Monarch Danaus plexippus

Woodland Nature Trail


The Tip

I was briefly the southernmost person in mainland Canada


The Zissou, at the Tip





Dan tries The Zissou



The Marsh Boardwalk








Point Pelee National Park, Ontario, September 26, 2022

  Dan and I have been planning to go to Point Pelee together for a very long time. We most recently had a trip planned and booked in 2016, but it was scuppered at the last minute. So when Dan got access to his brother’s fancy car and some time off, we jumped on the opportunity. Life is short, after all. The trip wasn’t solely a birding trip, as there were many side quests to complete, but Pelee was the destination, in my mind. We only had a day there, which was definitely not enough. While I felt like I could have birded for weeks there, it was awesome to finally get a feel for the legendary birding location. There will definitely be a return trip at some point.

  The morning started off slowly in the Woodland Nature Trail at dawn, with faint calls from reticent birds barely audible over the deafening winds. Things picked up when we turned back north and got into some of the swampier, more open bits.

  Among the Spotted Touch-me-nots, we had an oddly-marked Ruby-throated Hummingbird. It had white markings on its forehead, and a dark stripe in the middle of its throat. I’m guessing the white was possibly pollen, and the throat markings were just some vestigial breeding plumage.

  The next spot we birded was the Tip, which we reached via a train-truck shuttle thing. It was neat to be the southernmost human in mainland Canada, if only for a few moments. The wind at the Tip was a marvellous, brutal, soul-cleansing onslaught, and it was hard to stand up straight against its power.

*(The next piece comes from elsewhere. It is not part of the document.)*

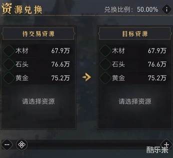 在主城内解锁建筑市集后,玩家可以在市集将木材、石头和黄金三种资源进行置换,对于紧缺的资源可以解燃眉之急。

  Several Lesser Black-backed Gulls were seen tucked in among the more common gulls there, a long-awaited lifer. Sanderlings darted between the roosting gulls, using them for shelter from the wind. There were thin warbler ripples at the Sparrow Field Footpath, and back along the beach. Monarchs were found clumped up on trees at the Tip, clinging on tenaciously with their powerful little…feet? Paws? Talons?

  The last spot we birded at Pelee was the Marsh Boardwalk. At the boardwalk’s conclusion, we ran into a small squadron of Rusty Blackbirds. We got great looks at the much-declining species, as they skulked in the low vegetation. Lovely birds.

  Near the parking lot at the marsh, I had the misfortune of encountering the rudest birder ever. As we crossed paths, I quietly gave her a standard birder greeting: “See anything interesting this morning?” She hissed “BIRDS!” at me, then turned away like I’d slapped her, made some confusing and dismissive arm gestures at me, then loped away in a huff. Maybe I ran into a famous ‘local character,’ who knows.

  The Pelee day ended with 57-ish species (9 warbler sp.), and a vow to return.